As of the beginning of our 2007 fiscal year, the total gross amount of reserves for income taxes, which is reported in other liabilities, is $1.3 billion. Of that amount, $1.2 billion, if recognized, would affect our effective tax rate. Any prospective adjustments to our reserves for income taxes will be recorded as an increase or decrease to provision for income taxes and would impact our effective tax rate. In addition, we accrue interest related to reserves for income taxes in provision for income taxes and any associated penalties are recorded in selling, general and administrative expenses. The gross amount of interest accrued as of the beginning of our 2007 fiscal year is $0.3 billion.

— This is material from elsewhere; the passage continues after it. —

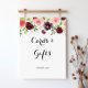 Esta señal de tarjetas y regalos de caligrafía floral de primavera es perfecta para una boda elegante o una despedida de soltera. El diseño pintado a mano presenta hojas verdes, rosas deslumbrantes, rosados, púrpuras, rojos, blancos y burdeos rosas deslumbrantes y peonías ordenadas en pequeños y lindos ramos.

We file income tax returns in the U.S. federal jurisdiction, various state and local jurisdictions, and many foreign jurisdictions. A number of years may elapse before an uncertain tax position is audited and finally resolved. While it is often difficult to predict the final outcome or the timing of resolution of any particular uncertain tax position, we believe that our reserves for income taxes reflect the most probable outcome. We adjust these reserves, as well as the related interest, in light of changing facts and circumstances. Settlement of any particular position would usually require the use of cash. The resolution of a matter would be recognized as an adjustment to our provision for income taxes and our effective tax rate in the period of resolution.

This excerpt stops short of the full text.